Está garantido, por exemplo, que o adubo será preparado pelos próprios índios, com compostagem. Folhas, terra e excrementos dos animais domésticos criados nas aldeias serão transformados em compostos, para enriquecer a terra. O educador indígena Marcelo Guarani revelou que conheceu a permacultura, e aplicará seus métodos os plantios.
O que os guarani buscam com este trabalho? Querem uma comida pura, sem agrotóxicos, para que não tenham doenças.
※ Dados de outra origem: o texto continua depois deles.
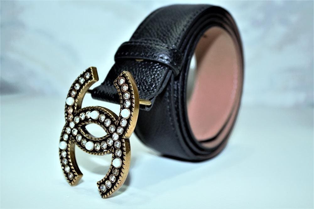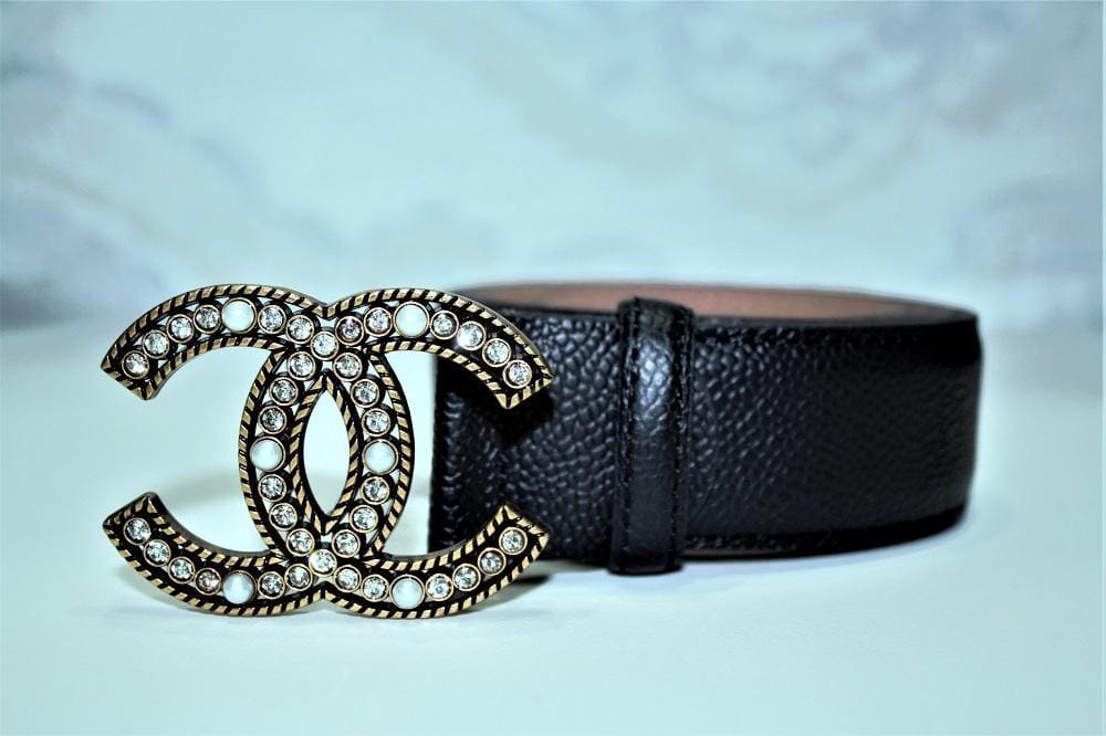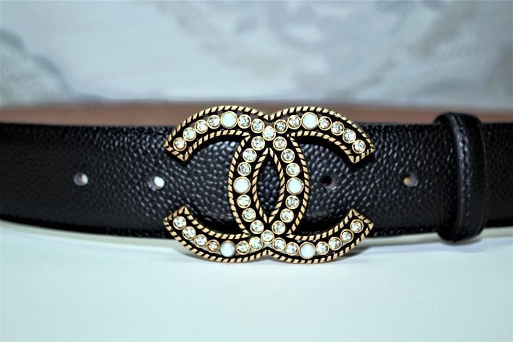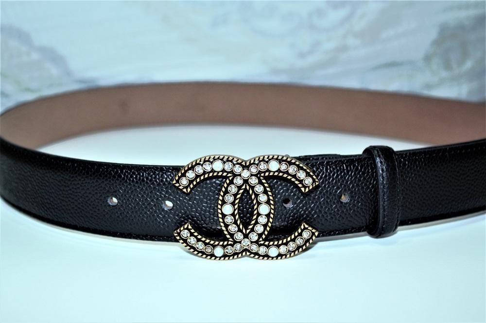 Chanel Caviar Pattern Belt Gold Diamond Buckle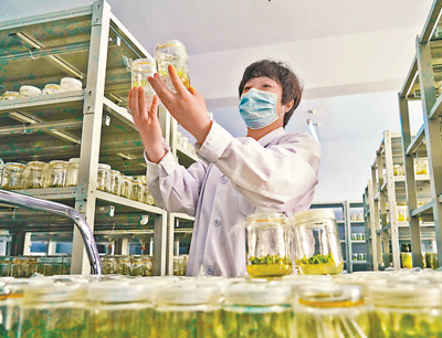 技术人员在张北县德胜村无菌育种室内察看马铃薯瓶苗长势。摄于2020年5月。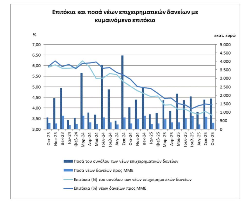 Το μέσο σταθμισμένο επιτόκιο του συνόλου των νέων δανείων προς νοικοκυριά και επιχειρήσεις μειώθηκε κατά 6 μονάδες βάσης και διαμορφώθηκε στο 4,45%.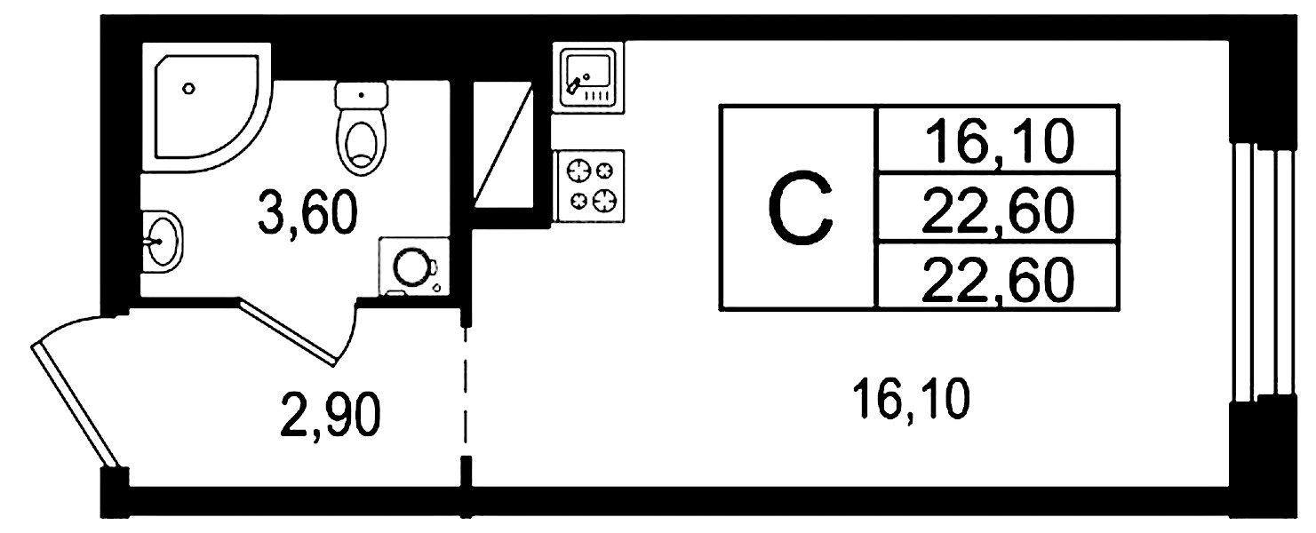 • Площадь22,6 м2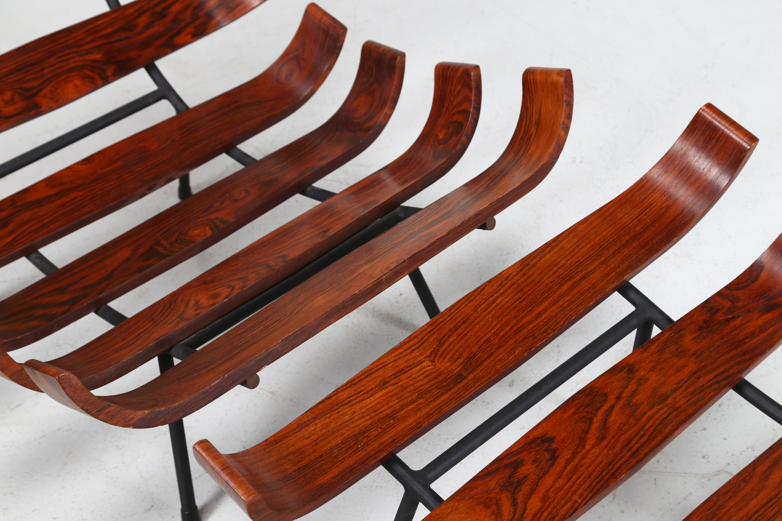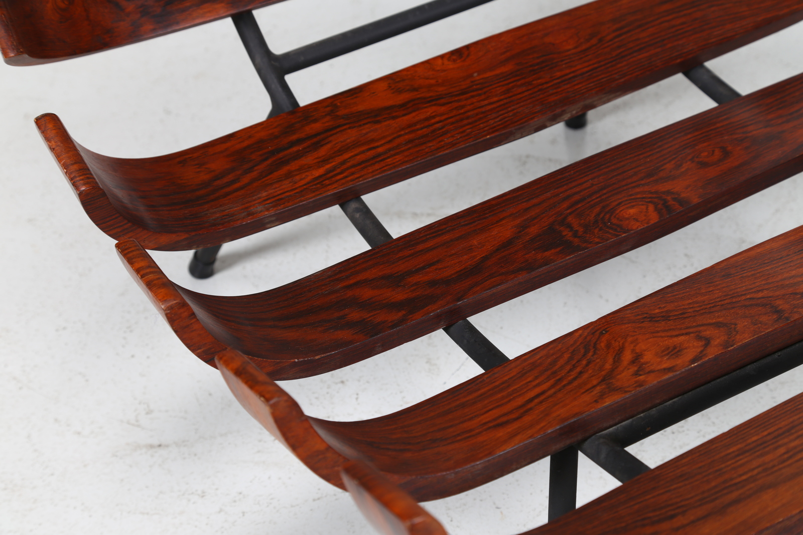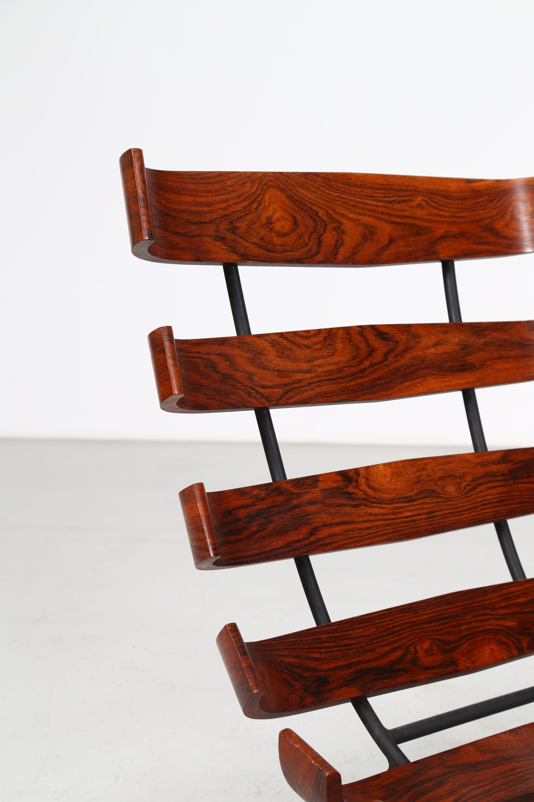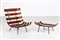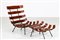 CARLO HAUNER (1927-1997) & MARTIN HESLER (1913-1977) Armchair and pouf. . Cm 70,00 x 81,00 x 80,00. Lacquered iron structure and curved teak plywood, for FORMA, 1960.

A comida natural, equilibrada, comenta o líder guarani, é que garante a boa saúde do povo guarani.
A aldeia que está em processo de construção, ainda que começando, visa consolidar o modo de vida do povo guarani no Espírito Santo. E a permacultura deverá ser socializada a toda a população indígena no Estado.
Este mês, os guarani farão uma conferência, nos dias 15 e 16, na aldeia de Boa Esperança (Tekoa Porã), para discutir a política indigenista que querem. Os Tupinikim também se reunirão com o mesmo objetivo, em Caieiras Velhas, nos dias 13 e14 próximos. O Espírito Santo tem atualmente cerca de 3.800 índios, dos quais cerca de 400 guarani. São dez aldeias das duas etnias.